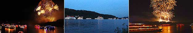 Eventschiffe mit DJ-Musik und Feuerwerk auf dem Rhein
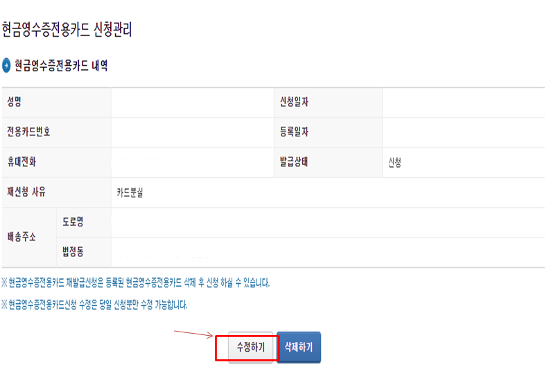 현금영수증 신청관리 창에 들어가시면 현금영수증카드 내역을 확인할 수 있습니다. 이사를 가서 주소를 옮기 셨으면 꼭 수정하기를 클릭하여 주소를 변경해주시기 바랍니다.
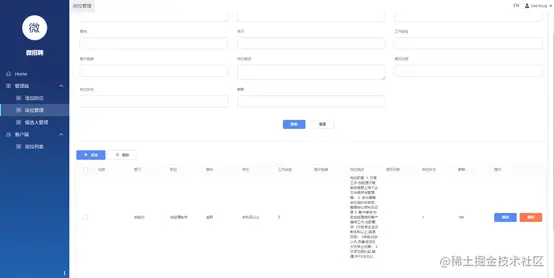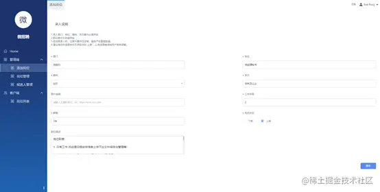 虽然 AppCube 中有完善的用户体系,鉴于此次开发是简单的模板开发,因此不涉及到用户体系的接入,后台管理界面以开发者身份的 Protal 页面为基础,配置上相应页面的菜单。如上图所示,默认的 Protal 页已经涵盖了登录、菜单栏等实现,我们只需关注业务的实现。在岗位录入页面中,用人需求部门可根据实际情况录入并发布岗位信息。
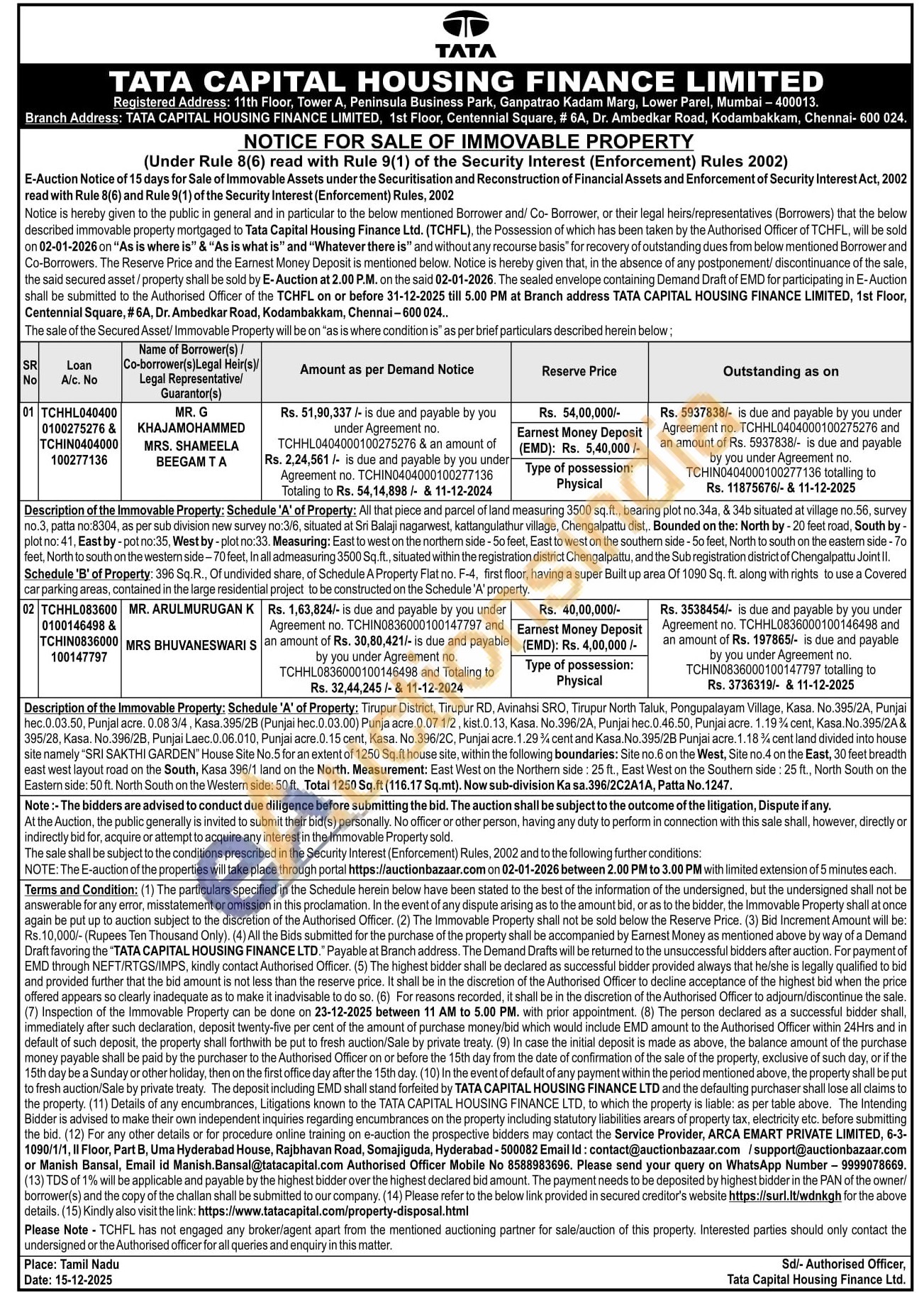 All that piece and parcel of land measuring 3500 sq.ft., bearing plot no.34a, & 34b situated at village no.56, survey no.3, patta no:8304, as per sub division new survey no:3/6, situated at Sri Balaji nagarwest, kattangulathur village, Chengalpattu dist.. Bounded on the: North by -20 feet road, South by-plot no: 41, East by-pot no:35, West by-plot no:33. Measuring: East to west on the northern side-50 feet, East to west on the southern side-50 feet, North to south on the eastern side-70 feet, North to south on the westem side-70 feet, In all admeasuring 3500 Sq.ft., situated within the registration district Chengalpattu, and the Sub registration district of Chengalpattu Joint II. Schedule 'B' of Property: 396 Sq. R., Of undivided share, of Schedule A Property Fiat no. F-4, first floor, having a super Built up area Of 1090 Sq. ft. along with rights to use a Covered car parking areas, contained in the large residential project to be constructed on the Schedule 'A' property.
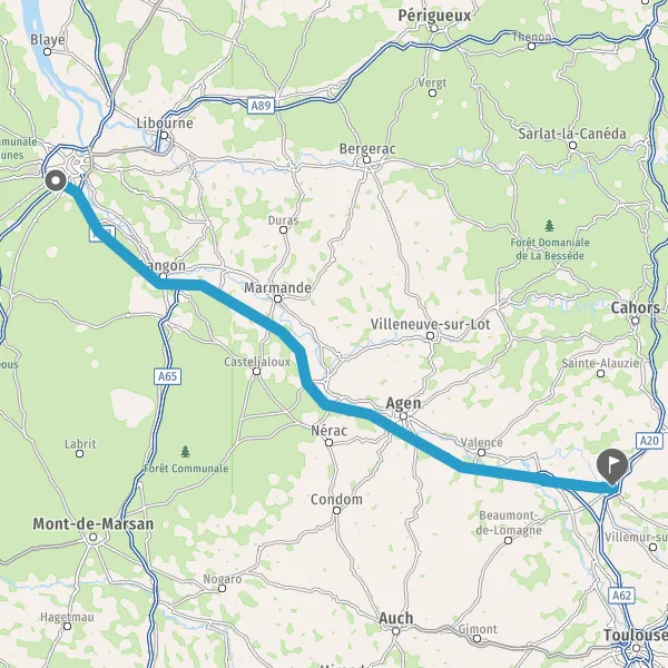 Prendre à gauche et rejoindre A62 E72. Continuer sur 168 kilomètres

····················

[EXERCISE AIM]: Print, with pictures removed, exactly the lines of the records above from the top through the line containing "虽然 AppCube 中有完善的用户体系,鉴于此次开发是简单的模板开发,因此不涉及到用户体系的接入,后台管理界面以开发者身份的".

[ANSWER SPACE]:
 Eventschiffe mit DJ-Musik und Feuerwerk auf dem Rhein
 현금영수증 신청관리 창에 들어가시면 현금영수증카드 내역을 확인할 수 있습니다. 이사를 가서 주소를 옮기 셨으면 꼭 수정하기를 클릭하여 주소를 변경해주시기 바랍니다.
 虽然 AppCube 中有完善的用户体系,鉴于此次开发是简单的模板开发,因此不涉及到用户体系的接入,后台管理界面以开发者身份的 Protal 页面为基础,配置上相应页面的菜单。如上图所示,默认的 Protal 页已经涵盖了登录、菜单栏等实现,我们只需关注业务的实现。在岗位录入页面中,用人需求部门可根据实际情况录入并发布岗位信息。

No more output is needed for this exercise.